Bambang menyebut bahwa belum progresifnya pajak di Indonesia bukan karena persoalan tarif. Tarif pajak dianggap sudah cukup progresif karena penghasilan yang lebih tingi dikenakan pajak yang lebih tinggi pula.
Menurutnya, ketimpangan terjadi karena wajib pajak besar atau orang-orang kaya banyak yang belum patuh membayar pajak. "Konsep pembangunan dalam APBN adalah kita menarik pajak dari orang yang mampu dan membelanjakan kepada yang tidak mampu," ucap Bambang.
Menarik pajak penghasilan dari orang-orang kaya bukan perkara mudah. Sebab, Direktorat Jenderal Pajak tidak memiliki akses ke perbankan karena adanya UU kerahasiaan bank. Apalagi, uang orang-orang kaya di Indonesia juga banyak yang disembunyikan di luar negeri.
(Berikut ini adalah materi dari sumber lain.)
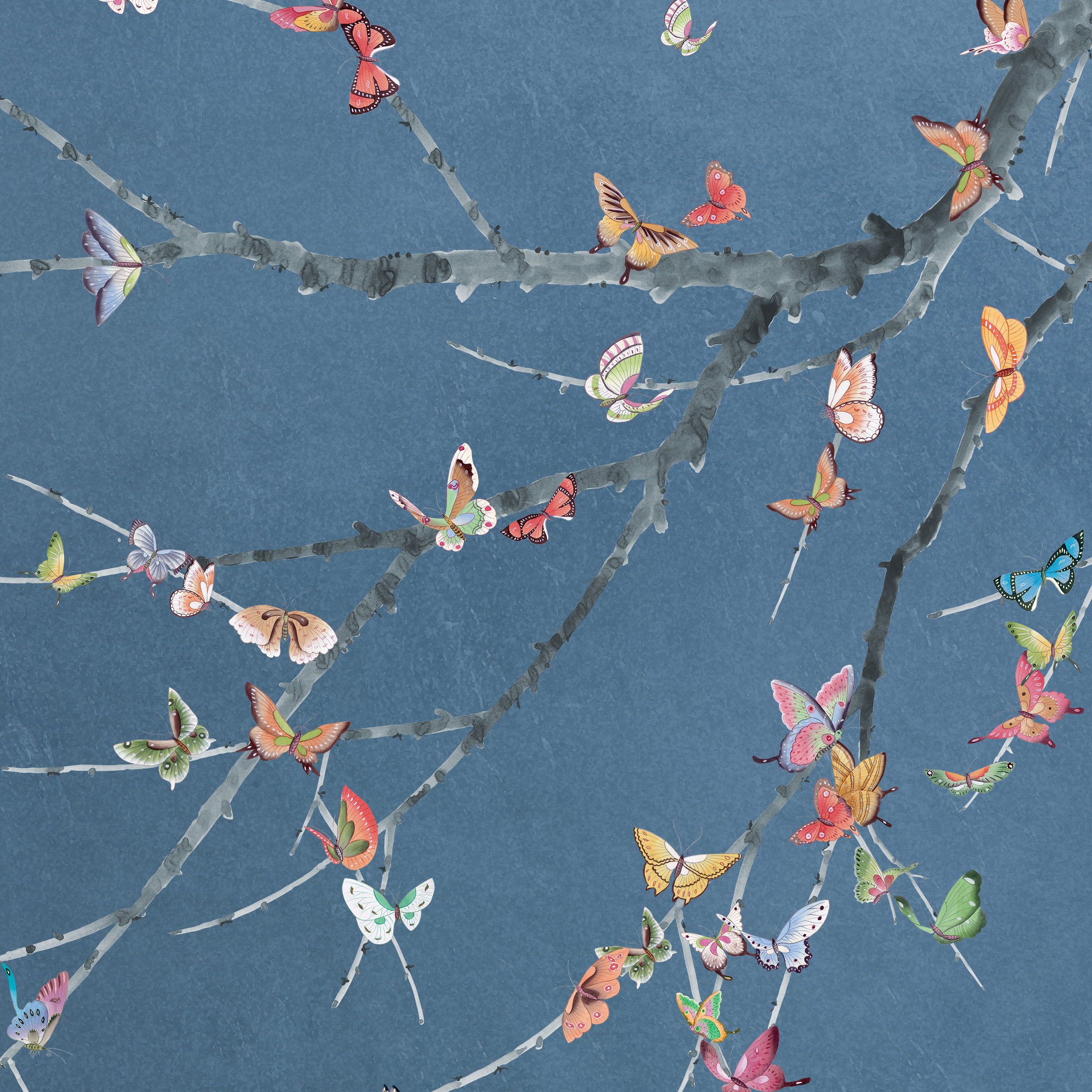 Tags: Blue, Chinoiseries, Floral/Botanical, Gilded Metallic Silver, Hand Painted, Modern, Mural

Sebagai solusinya, pemerintah berencana menerapkan kebijakan pengampunan pajak pada tahun depan. Kebijakan ini diharapkan dapat menndorong orang-orang kaya yang selama ini menyembunyikan harta kekayaannya, untuk segera melaporkan dan memohon pengampunan dengan membayar sejumlah tarif tebusan.
Bambang meyakini program ini akan diminati. Para wajib pajak akan memanfaatkan program pengampunan pajak karena pada 2018 nanti akan berlaku program pertukaran otomatis data perbankan secara internasional. Artinya, para wajib pajak tidak ada lagi yang bisa bersembunyi. "Tidak ada lagi tempat untuk bersembunyi pada 2018 nanti," ujar dia.
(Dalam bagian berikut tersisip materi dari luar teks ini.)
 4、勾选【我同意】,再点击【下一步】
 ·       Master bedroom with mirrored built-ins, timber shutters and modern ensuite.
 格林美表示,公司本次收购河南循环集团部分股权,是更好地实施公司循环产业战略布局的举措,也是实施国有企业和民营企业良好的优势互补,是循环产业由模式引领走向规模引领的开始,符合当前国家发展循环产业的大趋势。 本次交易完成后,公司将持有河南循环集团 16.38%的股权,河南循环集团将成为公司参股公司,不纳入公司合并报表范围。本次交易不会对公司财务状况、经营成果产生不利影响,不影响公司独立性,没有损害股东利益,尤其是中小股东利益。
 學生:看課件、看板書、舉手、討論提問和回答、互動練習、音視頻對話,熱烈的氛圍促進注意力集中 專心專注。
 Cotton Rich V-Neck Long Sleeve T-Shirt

Ketimpangan pendapatan antara si kaya dan si miskin di Indonesia semakin melebar. Berdasarkan laporan Bank Dunia, rasio gini yang menjadi indikator ketimpangan diprediksi melebar menjadi 0,42 pada tahun ini. Pada 2000, gini rasio berada di level 0,30, sedangkan tahun lalu meningkat menjadi 0,41. Data Bank Dunia menunjukkan bahwa tingkat konsumsi 10 persen warga terkaya di Indonesia sama besarnya dengan total konsumsi 42 persen warga termiskin.